1) I was hit while a pedestrian or bicyclist. Who pays my medical bills?

Many people are pleasantly surprised to learn that, in addition to covering auto crash injuries, Oregon’s no fault auto medical coverage (known as ‘personal injury protection” or “PIP’) also covers pedestrian and bicycle injury medical costs. Pedestrians with PIP coverage injured in a traffic accident, should notify their own auto insurer of the pedestrian traffic accident and then instruct medical providers to bill to that PIP claim number. If the injured pedestrian or bicyclist has neither auto insurance nor health insurance, PIP insurance for the driver at fault applies. In that situation, the injured person should fax the insurer for the driver at fault to request a PIP claim number be assigned. Once PIP limits are exhausted or expire, the injured pedestrian or bicyclist should fax evidence that no more PIP coverage exists to the her health insurance company instructing the health insurer to pay all further accident related medical charges. If the injured pedestrian or bicyclist does not have auto insurance or purchased auto insurance in a state where PIP is not required, the injured person should fax all medical bills to his or her health insurer for processing.

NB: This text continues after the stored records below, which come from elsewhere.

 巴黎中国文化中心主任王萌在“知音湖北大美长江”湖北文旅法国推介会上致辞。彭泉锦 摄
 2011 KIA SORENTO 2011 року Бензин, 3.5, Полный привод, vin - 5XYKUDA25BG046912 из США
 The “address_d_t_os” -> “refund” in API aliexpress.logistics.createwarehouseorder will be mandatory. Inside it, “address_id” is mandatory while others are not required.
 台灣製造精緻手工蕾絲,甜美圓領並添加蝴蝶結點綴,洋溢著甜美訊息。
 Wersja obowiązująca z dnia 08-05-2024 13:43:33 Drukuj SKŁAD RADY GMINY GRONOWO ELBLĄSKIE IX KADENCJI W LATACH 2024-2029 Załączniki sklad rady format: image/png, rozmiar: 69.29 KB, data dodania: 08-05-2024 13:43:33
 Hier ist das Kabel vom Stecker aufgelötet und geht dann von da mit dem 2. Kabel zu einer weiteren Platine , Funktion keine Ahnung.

DANGER: The insurer for the driver at fault is motivated to limit liability. When that same insurer provides PIP coverage, it’s relatively easy for it to power play an injured person via their early access to medical information.

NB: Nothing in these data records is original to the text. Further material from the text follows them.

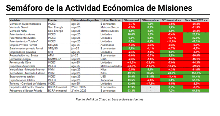 Hacia dentro del país, la situación es diversa, pero la tónica general todavía es negativa. Las provincias no sienten los efectos del presunto orden macro y, mucho menos, cuentan con “micros” que ordenen hacia arriba. Para medir este escenario retomamos el Semáforo de Actividad Económica de Misiones, herramienta que permite evaluar el estado de la economía provincial en función de indicadores clave de actividad. Así podremos corroborar si existe solidez en el argumento presidencial (spoiler: no).
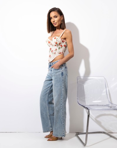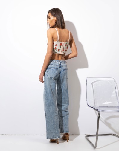 Gorset z Siatki w Róże Ecru K9108
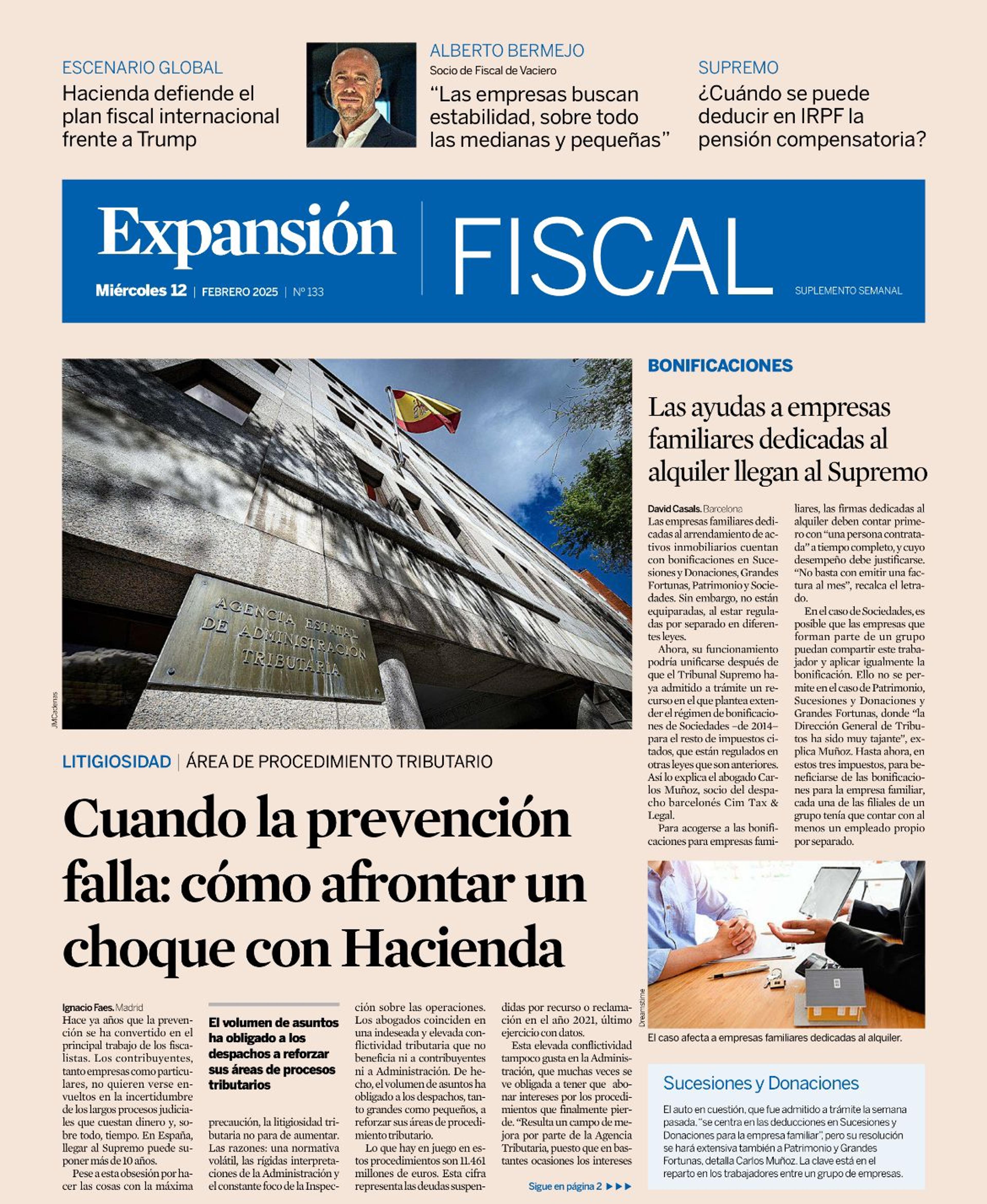 El 12 de febrero, Expansión publicó el artículo “Las ayudas a empresas familiares dedicadas al alquiler llegan al Supremo” de David Casals, en el que se aborda un tema de gran relevancia para los grupos de sociedades de empresas familiares con actividad de alquiler.

TIP: It’s generally not a good idea for unrepresented persons to speak with representatives of the insurance company for the driver at fault– the opposing insurer is motivated to minimize damages and undermine fault. Get an attorney’s help to deal with the adjuster for the party at fault. Remember, opposing adjusters are potential witnesses who could later testify against you.

2) How much is my car, bicycle or pedestrian injury accident case worth?

This is a fair but difficult question because the value of your case depends on many factors. Ultimately, a claim is worth what a jury or other decision maker says it is worth. Factors decisions makers consider in determining claim value include: Who you are. For example, a hand injury to a pianist would be worth more than a hand injury to voice over actor. Decision makers favor persons with whom they identify. Persons in helper professions such as nursing, teaching and firefighting are also preferred. Conversely, felons and perceived drug addicts fare less well. Another important factor is where you are. Personal injury cases are typically tried in county courts. Each county draws potential jurors from their respective county. In Oregon, Multnomah County is generally the best jurisdiction for injury plaintiffs. Washington County is among the worst. When you are also affects case value. Current events provide the backdrop for your claim. Of course the particular facts of your case (the injury, the impact, the acts, witnesses and other evidence) affect case outcome. Finally, who you choose as your lawyer and your relationship with your lawyer is also important. In short, your case does not exist in a vacuum.

TIP: Jury Verdicts Northwest is a publication tracking actual awards and can be a good resource to help assess claim value in our region.

TIP: In most cases you will fare much better with a lawyer then without because insurers are simply not motivated to pay fair value to unrepresented persons.